# Build a party-line Intercom



## cbenjes

Here’s a great success story that may help someone out with an intercom requirement and minimal funds. 

Recently, I have become the technical advisor for my son’s high school theater. First duties were to get the equipment fully functional. In the process, I realized how much we truly needed a technician intercom system for communication between the catwalks, backstage and the booth. Walkie-talkies simply were not desirable. How can you work a follow spot and still communicate with a hand-held walkie-talkie?

I was fortunate to discover that the theater, built in 1978, had the makings of an old intercom system that was probably never used. There were a total of 7 intercom stations, three in the catwalks, one in the booth, one immediately outside the booth, and one in each of the wings backstage. Each intercom station consisted of a 1/4" TRS (Tip-Ring-Sleeve) jack (stereo headphones jack) for plugging in a headset. The stations were connected using a 2-wire shielded cable with the red lead connecting the tips and the black lead connecting the rings. After a little troubleshooting and some very basic repairs, I managed to get the stations solidly connected with no short circuits. I could loop back a signal from one end of the theater to the other proving continuity of the circuits. Now I had the basis of an intercom.

After some research, I devised and implemented the following set-up:

First things first, we needed a power supply to drive the voice signal. I acquired and connected a filtered, low-voltage DC power supply to a centrally-located intercom station. Positive went to the ring, negative went to tip. The power supply provided approximately 11 volts (with no load) at 70mA of clean DC power filtered through a 1000mF capacitor inside the power supply. (The power supply needs to be carefully selected to match the headsets and to provide clean power. Voltage anywhere from 6-14 v DC should be OK.) Filtered (minimal ripple), regulated power is the key. Without the filtering effect of the power supply's capacitor, the system would have had too much noise to be usable. Communications are full duplex utilizing the "party-line" style of simple telephone circuitry.

Extension cords were run from the intercom station in the first catwalk to each of the follow spot operator positions.

Headsets in use are Western Electric WE-52 vintage telephone operator's headsets fitted with a 1/4" TRS plug instead of the traditional 2-prong telephone switchboard plug. Most of the ones I have were manufactured back in the 1950's and 1960's and still work great. Just make sure they are wired correctly. They just don't build them like this anymore....

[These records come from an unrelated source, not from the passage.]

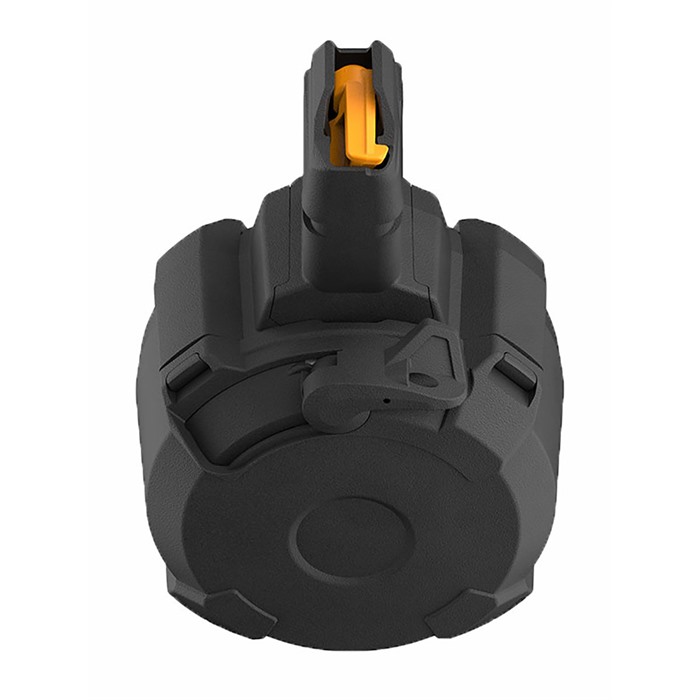 Proprio come i caricatori PMAG D-50 e D-60 per fucili, questo Magpul D-50 GL9 PCC PMAG utilizza una costruzione simile, che lo rende provato e affidabile. Con una capacità di 50 colpi di 9mm, la configurazione a tamburo del caricatore rende l'altezza complessiva gestibile, e l'unità presenta un meccanismo di ratcheting che aiuta nel caricamento.
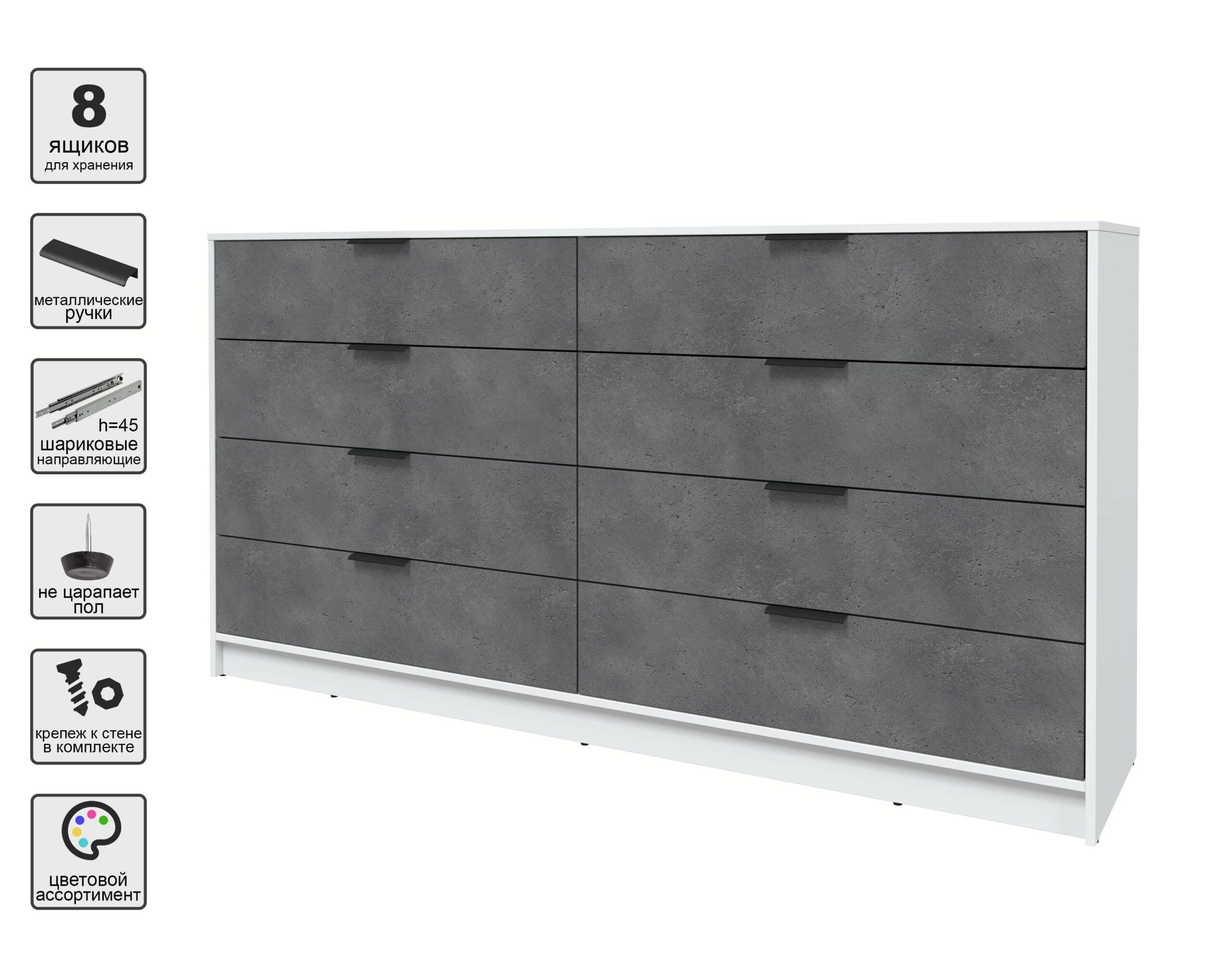 KОМОД КТ-К197 (БЕЛЫЙ ЛДСП/ БЕТОН ПОРТЛЕНД ЛДСП) Ш1965 В1020 Г451
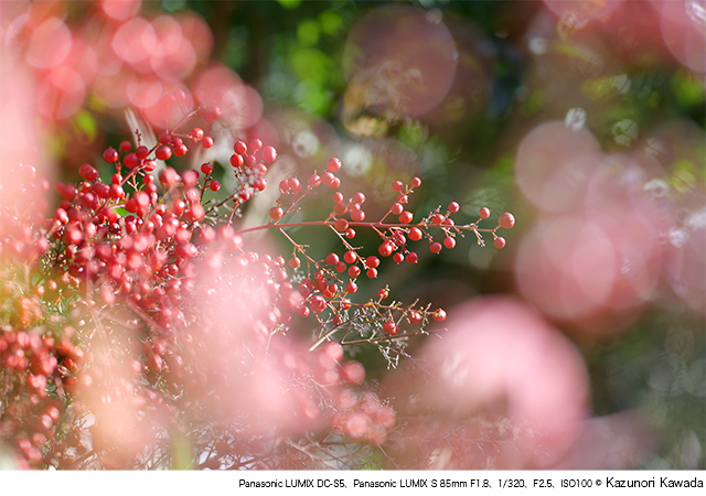 ちょっと絞ってF2.5で撮影したが、絞り羽根は9枚と多く、さらに円形絞りなので光点ボケは円形に保たれる。背景ボケはもちろん、前ボケもクセがなくとてもキレイ。
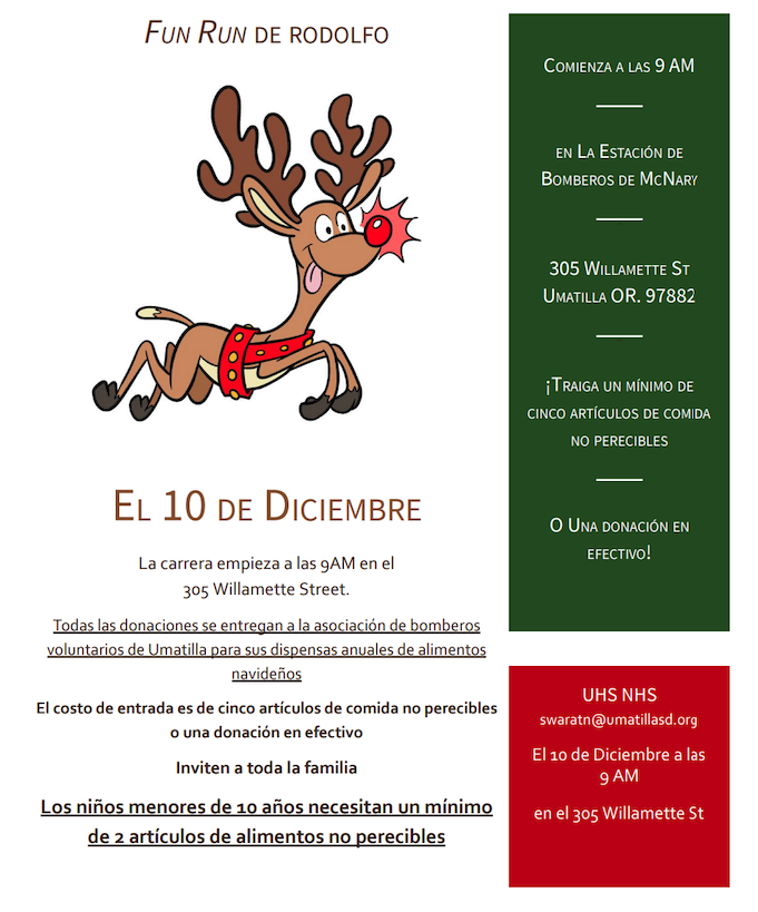 ¡Diviértete con nuestro Baile Familiar de Otoño organizado por el Club de Padres de Umatilla! Se pueden encontrar más detalles en el folleto adjunto.
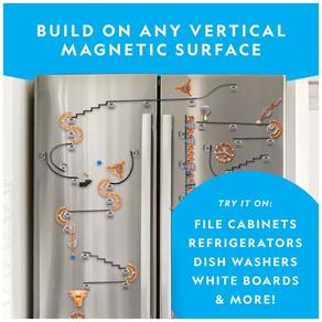 Este conjunto de construção magnética de mármore da marca Blue Marble, patenteado e apoiado por milhares no Kickstarter, é um verdadeiro sucesso! Com uma pista e truques únicos, você pode ajustar e adicionar novos caminhos emocionantes. Inclui elevador motorizado, 70 conectores de pista, 32 peças especiais, 25 mármores e muito mais para infinitas combinações e diversão criativa. Construa em superfícies magnéticas verticais, como geladeiras, armários e lousas. Conectores de encaixe seguro e instruções detalhadas tornam a montagem fácil. Vencedor do prêmio Toy of the Year Award!
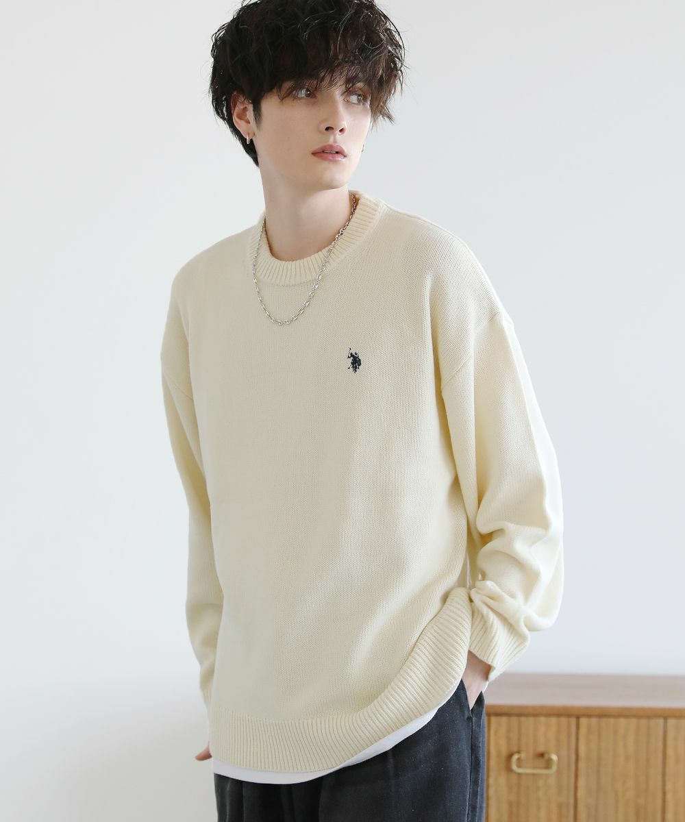 U.S. POLO ASSN. 別注 ワンポイントロゴクルーネックニット
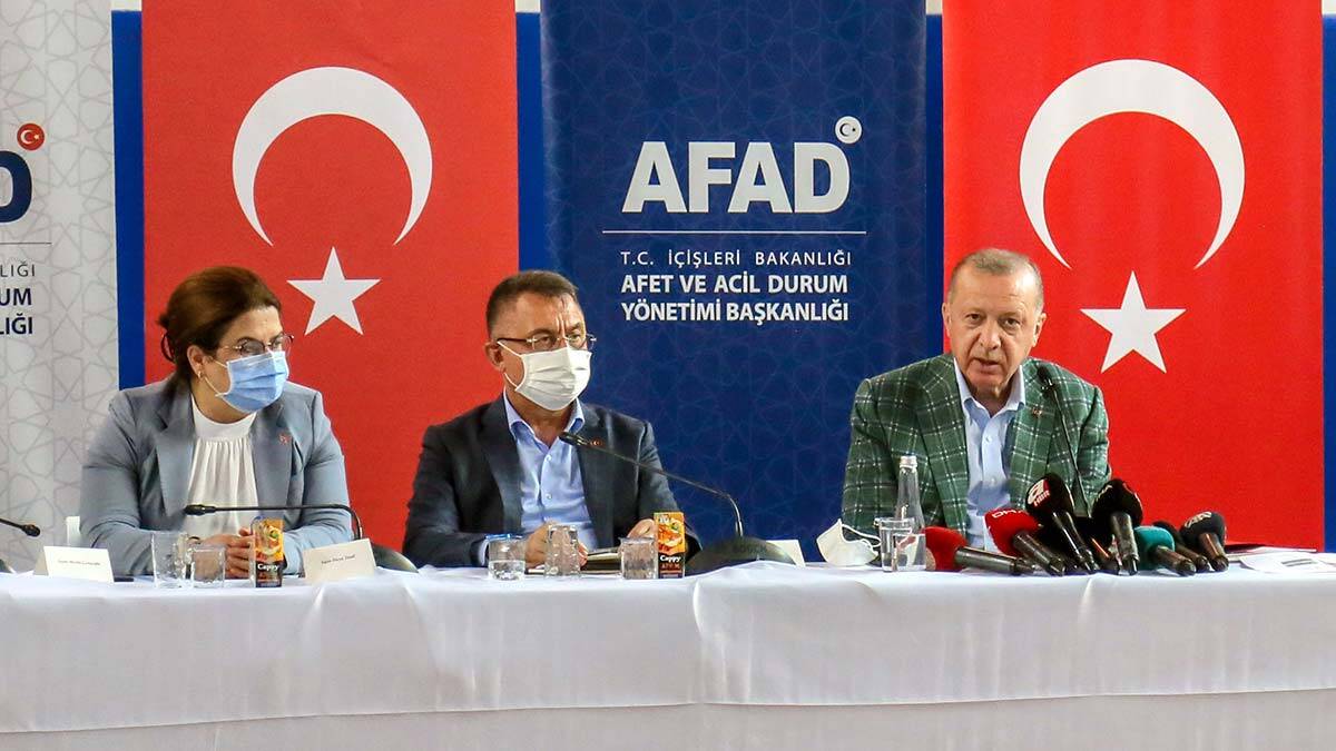 Cumhurbaşkanı Erdoğan buradaki genel değerlendirme toplantısının ardından açıklamada bulundu. Bölgede yaşanan afet sebebiyle tüm afetzedelere geçmiş olsun dileklerini ilettiğini belirten Erdoğan, “Bugün sabah itibarıyla orman yangınlarından etkilenen tüm bölgelerimizi Genel Hayata Etkili Afet Bölgesi ilan ettik ve Genel Hayata Etkili Afet Bölgesi ilan etmek suretiyle de vatandaşlarımızın bu beklentilerini devlet olarak gidermiş olduk” dedi.

Interestingly enough, a traditional Western Electric (or AT&T) G3 telephone handset can also be used as a cheap communications device (I bought one on e-bay for 99 cents, you can probably find one at a yard-sale cheap) and is a good choice for backstage areas since these handsets are virtually indestructible. The coiled cord can be refitted with a TRS plug which will connect right into the intercom station. In order to make a traditional telephone handset fully compatible, the resistor on the earpiece speaker must be removed, otherwise users of the phone are heard clearly, but the volume in the earpiece for phone users is very low. 

So now we have a basic full-duplex party-line intercom system that works great. You can build your own cheap! The tough part is running the cable to the stations, but if you are lucky like we were, it may already be done, or can be done easily. Parts needed are a DC regulated filtered power supply, some headsets (refurbished WE-52 headsets are about $40, new ones are about $85), some TRS-jacks, 1000’ of shielded 2-wire cable (about $55), and misc TRS jacks, plugs and extension cords (nominal). Hope this info can help someone out. It was a lot of fun to build, and even more fun to use.


----------



## Tex

This is just like the system used at the theatre where I was a resident company member for several years. It was decidedly low-tech, but worked great. Thanks for this. I love a good hack. I've been in a couple of theatres that had no com system, but did have unused aux speaker lines. This system would be great for that application.


----------



## Studio

Sounds like the system in my schools old theater except you could "call" (flash a light) on the other boxes.


----------



## Les

Studio said:


> Sounds like the system in my schools old theater except you could "call" (flash a light) on the other boxes.



Sounds like every Clear-Com system I've ever worked with.


----------



## Studio

Les said:


> Sounds like every Clear-Com system I've ever worked with.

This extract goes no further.